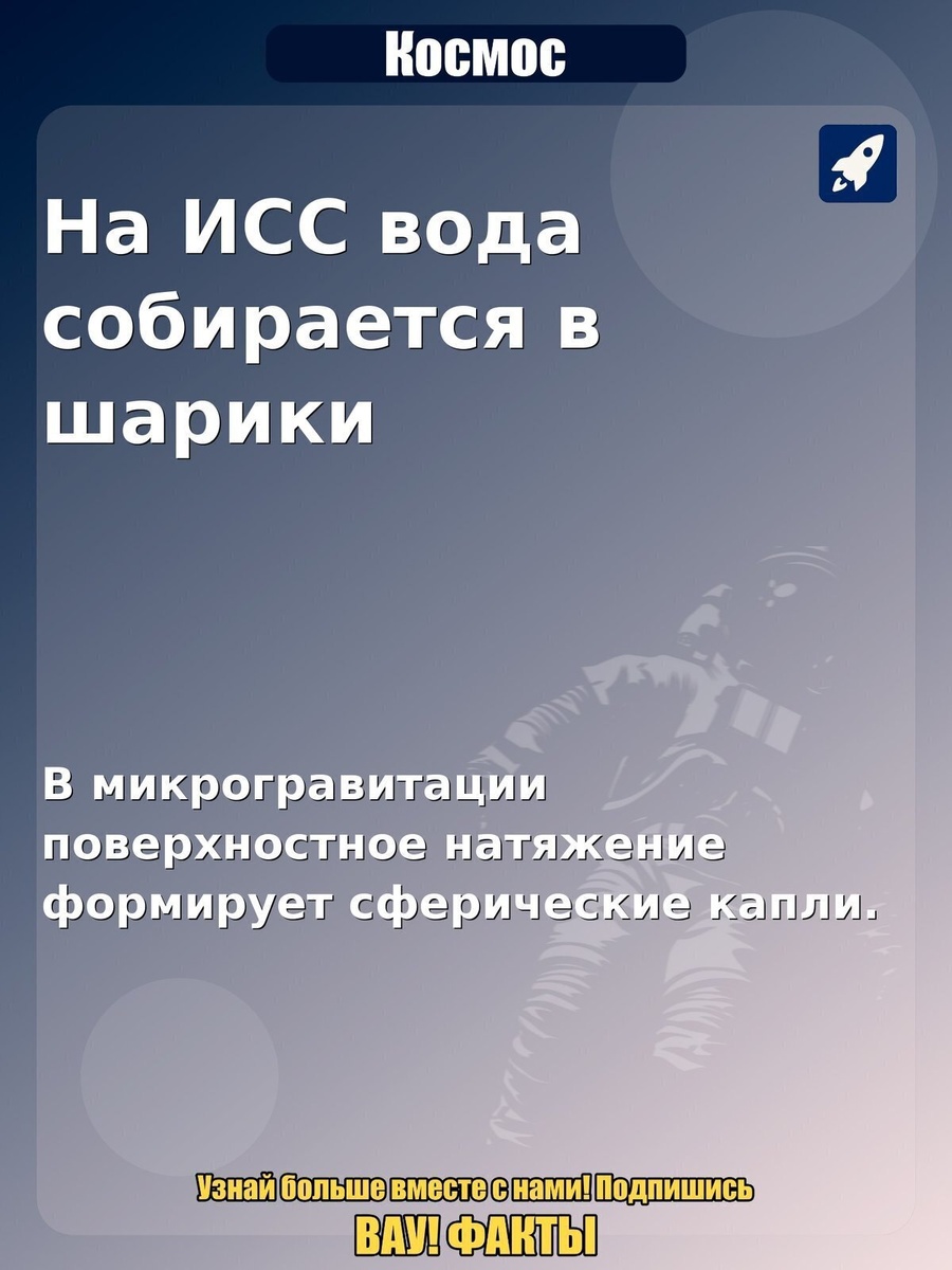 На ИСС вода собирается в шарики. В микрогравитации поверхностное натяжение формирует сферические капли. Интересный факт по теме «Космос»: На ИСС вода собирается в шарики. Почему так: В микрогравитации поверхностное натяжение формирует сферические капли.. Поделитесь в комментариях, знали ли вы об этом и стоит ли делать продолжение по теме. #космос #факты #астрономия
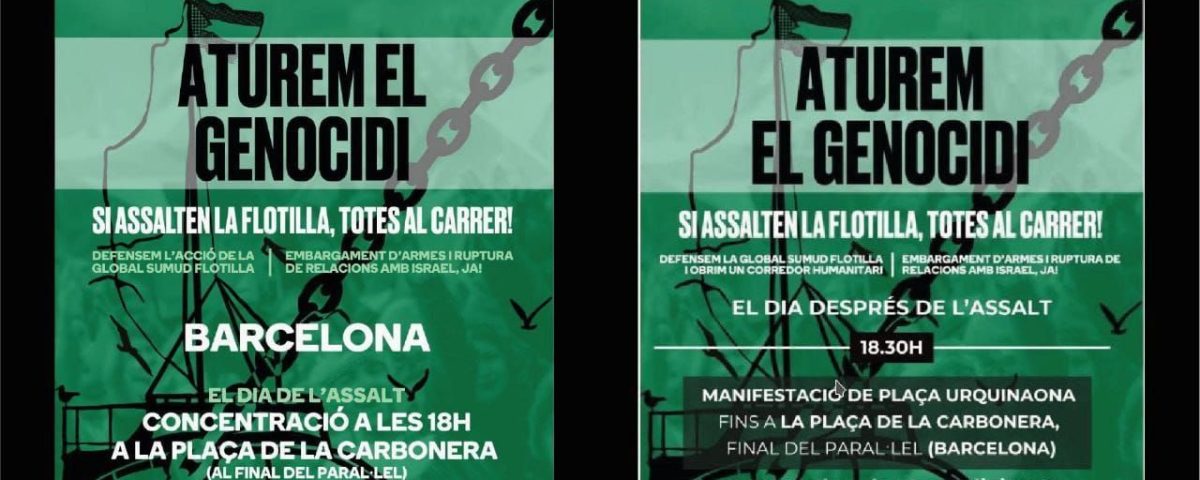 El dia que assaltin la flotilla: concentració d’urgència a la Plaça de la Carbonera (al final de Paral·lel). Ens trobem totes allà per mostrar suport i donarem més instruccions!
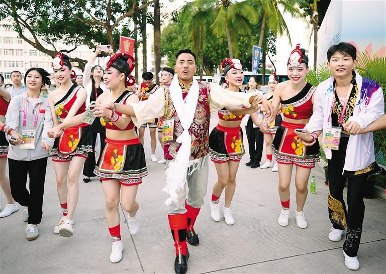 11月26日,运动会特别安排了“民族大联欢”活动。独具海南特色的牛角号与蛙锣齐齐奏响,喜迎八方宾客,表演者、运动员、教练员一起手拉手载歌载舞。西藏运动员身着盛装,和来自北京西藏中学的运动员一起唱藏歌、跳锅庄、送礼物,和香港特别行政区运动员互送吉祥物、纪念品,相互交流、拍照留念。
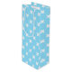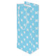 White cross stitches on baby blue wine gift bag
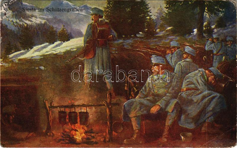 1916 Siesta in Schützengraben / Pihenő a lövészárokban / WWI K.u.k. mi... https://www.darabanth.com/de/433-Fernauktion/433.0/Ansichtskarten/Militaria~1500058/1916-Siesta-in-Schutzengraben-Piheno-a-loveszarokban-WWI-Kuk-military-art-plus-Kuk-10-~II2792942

WHAT YOU ARE ASKED TO DO —
Give an exact copy of the listing above that leaves out every picture.

YOUR RESPONSE —
 На ИСС вода собирается в шарики. В микрогравитации поверхностное натяжение формирует сферические капли. Интересный факт по теме «Космос»: На ИСС вода собирается в шарики. Почему так: В микрогравитации поверхностное натяжение формирует сферические капли.. Поделитесь в комментариях, знали ли вы об этом и стоит ли делать продолжение по теме. #космос #факты #астрономия
 El dia que assaltin la flotilla: concentració d’urgència a la Plaça de la Carbonera (al final de Paral·lel). Ens trobem totes allà per mostrar suport i donarem més instruccions!
 11月26日,运动会特别安排了“民族大联欢”活动。独具海南特色的牛角号与蛙锣齐齐奏响,喜迎八方宾客,表演者、运动员、教练员一起手拉手载歌载舞。西藏运动员身着盛装,和来自北京西藏中学的运动员一起唱藏歌、跳锅庄、送礼物,和香港特别行政区运动员互送吉祥物、纪念品,相互交流、拍照留念。
 White cross stitches on baby blue wine gift bag
 1916 Siesta in Schützengraben / Pihenő a lövészárokban / WWI K.u.k. mi... https://www.darabanth.com/de/433-Fernauktion/433.0/Ansichtskarten/Militaria~1500058/1916-Siesta-in-Schutzengraben-Piheno-a-loveszarokban-WWI-Kuk-military-art-plus-Kuk-10-~II2792942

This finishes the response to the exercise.